Mike Simanoff: What’s life like for a speculative fiction writer in Melbourne? Are you involved in any sort of writerly community?
K. J. Bishop: I don’t hang out with other writers much. There’s an SF community here, but for some reason I mostly like to socialise in other circles. Melbourne’s a challenging place for a spec fic writer—maybe I should restrict that to fantasy writer—because of the lack of mythology here. As a kid I lived in England for six months, and was blown away by the feeling of the world of myths and stories in my head connecting with the places I was actually standing on. Ditto when I went to Rome. But there isn’t much of that here; there hasn’t been time for it. And there’s also—at least for me—the guilty feeling that we’re squatting on someone else’s land. There are Aboriginal myths connected with this place, but I’ve got a certain trepidation about trying to use anything of the Aboriginal mythos or metaphysics in stories, because I feel I only understand it superficially, and don’t own it in any way. But you can address that sense of disconnection and precariousness, and you can get quite a lot out of the weirdness of suburbia. There’s also quite an interesting sense of being in a city on the edge of this arid continent that you hardly inhabit, but that somehow inhabits you. It’s a feeling that all these skyscrapers and suburban mansions aren’t quite real, and the sand’s going to win out in the end.
Mike Simanoff: As a writer, do you view the Internet as a useful friend or a time-sucking foe? Or both? How do you use it?
K. J. Bishop: Vastly more friend than foe. I use it for research, for hunting out books, movies and music, and, having said that I don’t hang out much with other writers, I talk with writers online. The Internet’s a great tool for exchanging feedback on works in progress. Without the Net, The Etched City would still be looking for a publisher. I hadn’t had any luck with selling the manuscript, until Geoff Maloney met me on a mailing list and put me in email contact with Prime Books. Nearly all of the business after that, including a lot of the editing, was done over the Net. I haven’t actually met any of the people involved in making the book, other than by email. My editor Trent Jamieson and I eventually exchanged photos, so that we wouldn’t just be these two disembodied voices.
The Net closes the distance from Australia to the rest of the world down to nothing. It’s really a godsend. The Maldoror story only got into Album Zutique because of the speed of electronic communication.
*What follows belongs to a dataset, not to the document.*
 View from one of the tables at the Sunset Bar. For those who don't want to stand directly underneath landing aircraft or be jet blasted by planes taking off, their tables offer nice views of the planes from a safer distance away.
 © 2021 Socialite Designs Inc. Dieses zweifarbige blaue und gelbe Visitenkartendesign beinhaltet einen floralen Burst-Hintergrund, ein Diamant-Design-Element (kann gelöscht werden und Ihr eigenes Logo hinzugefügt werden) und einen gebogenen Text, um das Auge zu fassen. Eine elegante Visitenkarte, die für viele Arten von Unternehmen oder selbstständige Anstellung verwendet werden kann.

Sometimes I spend too much time in online conversations, but there are worse vices.
Mike Simanoff: What’s your background as an artist, and how do you think it affects the form and content of your writing?
K. J. Bishop: I was one of those kids who constantly drew pictures. Weird beasties, mostly. I went to art school, planning to be a graphic designer, but it all went pear-shaped and I dropped out. I ended up going into web design, and finally fell into teaching 3D computer graphics. I love the things you can do on the computer, but as a physical process—moving the mouse around and clicking—I don’t find it terribly enjoyable, and there’s very little room for the happy accident, so I’ve gone back to scribbling on paper. An appreciation for art certainly influences my writing. Pictures inspire scenes, or I’ll get a mood from an image and try to evoke that mood through words. One thing I really try not to do is think of a fabulous image and then describe it in pedestrian language. I try to engage with the verbal medium on its own terms.
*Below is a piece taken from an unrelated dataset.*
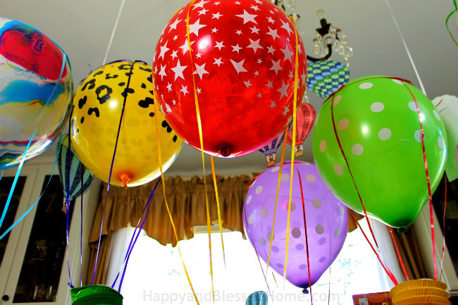 As you can see here. I’ve cut the printables and I’ve used the corners from a cardboard box to set them up to a standing position. I just taped the buildings to the cardboard box corners to stand them up. I hung the hot air ballon cut-outs from the eat-in breakfast area chandelier and from ribbon hung from the ceiling. It created a hot air balloon backdrop for my inflated creations.

I think that having an interest in art is possibly helpful in enabling you to appreciate experiments in writing. We’re used to abstract art and installation art; we expect art to mystify us, be elusive, hold something back from us. We love the fact that we can’t understand Mona Lisa’s smile. Speaking generally, I don’t think we’re quite as open-minded about writing, maybe because we process words with the pedantic left side of the brain. I find that when, as a reader, I can’t find my way into a strange piece of writing, making analogies with art can help. Some writing, I think, asks to be taken in as an experience, a climate, something like an installation, rather than to be made sense of in a completely rational way.